MCLC: Bringing Wolf Totem to screen (2,3)

MCLC LIST denton.2 at osu.edu
Thu Feb 26 10:05:58 EST 2015


MCLC LIST
Bringing Wolf Totem to screen (2,3)
Re Kristin Stapleton’s question about Jo Lusby’s claim: “There has without question been no one single novel in China with as great of an impact before or since ‘Wolf Totem.”’ (NYT) I take it as marketing hyperbole. If Ms. Lusby were correct, then we’d have reason to be worried. The original Chinese novel, which is much longer than and very different from the English translation, propagates a warmed-over social Darwinian ideology, which I critique in my book The Stranger and the Chinese Moral Imagination (Stanford UP, 2014). I see nothing remarkable about the novel passing censorship.

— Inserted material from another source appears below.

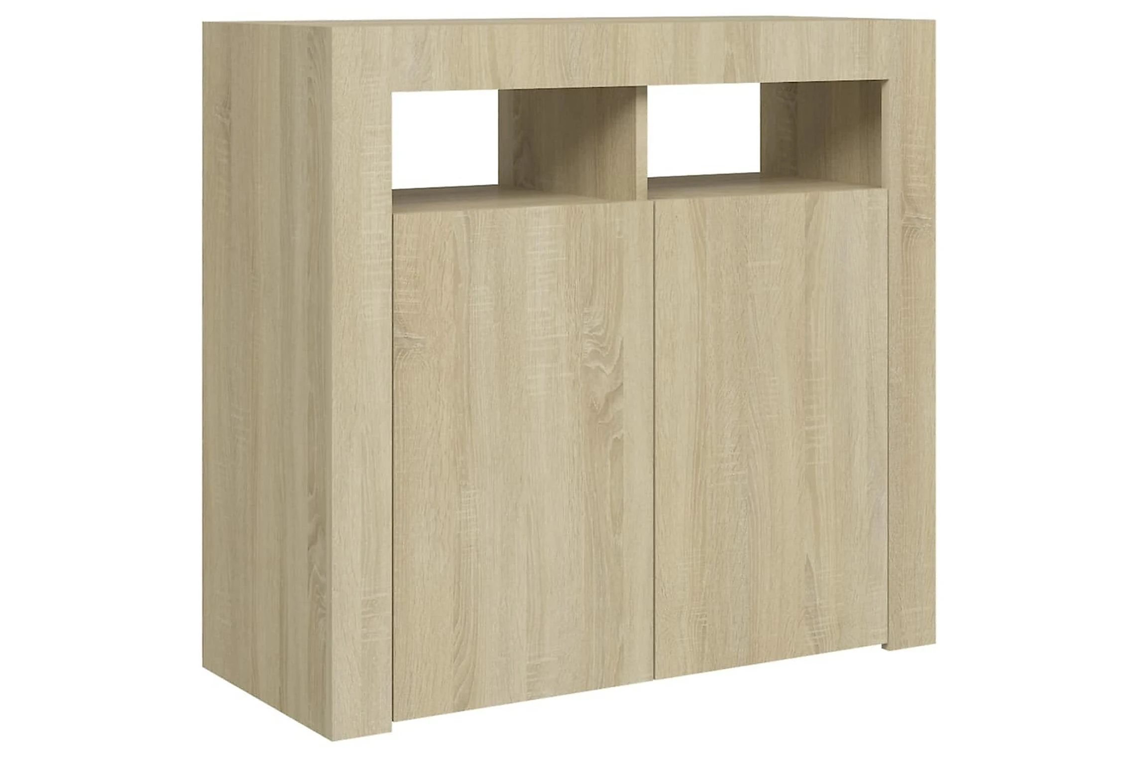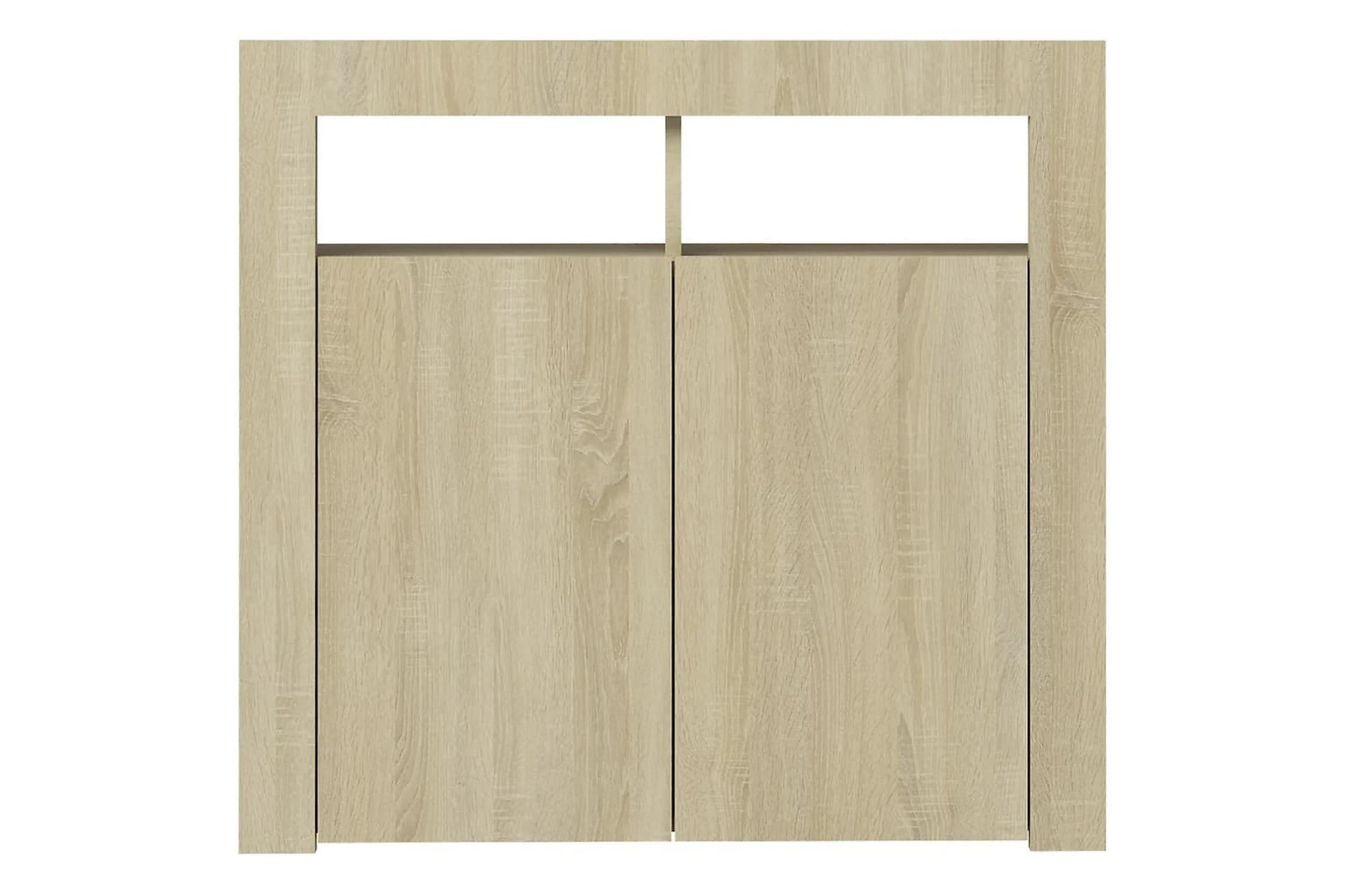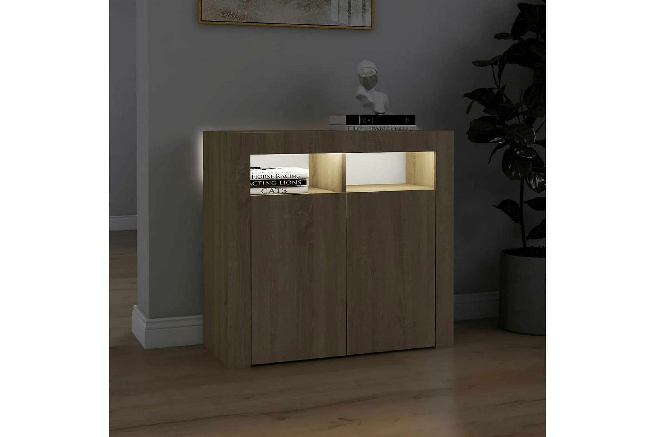 Skänkens robusta konstruktion gör den extremt hållbar och stabil. Den har också gott om lagringsutrymme för böcker, multimedieapparater och andra föremål. Den kraftiga bordsskivan är ideal för att ställa dekorativa föremål, fotoramar eller krukväxter på. Skänken har RGB LED-lampor, som har olika menyer för att ändra färg på ljuset och låta ljusfärgen justeras olika automatiskt. LED-lamporna ger det moderna utseendet och bidrar till den trendiga känslan.

Even as it laments the environmental destructions, it loudly trumpets the developmentalist logic of the state: be strong (like wolves) or be eaten (like sheep). As in 落后就要挨打.
Haiyan Lee haiyan at stanford.edu
———————
Wasn’t Ba Jin’s work marketed (and marketable) in the period it was written? The list of “influential” novels written in Chinese is indeed breathtaking. Even in Ba Jin’s time. Hype is distracting, but it’s a part of a game played by Literature as well.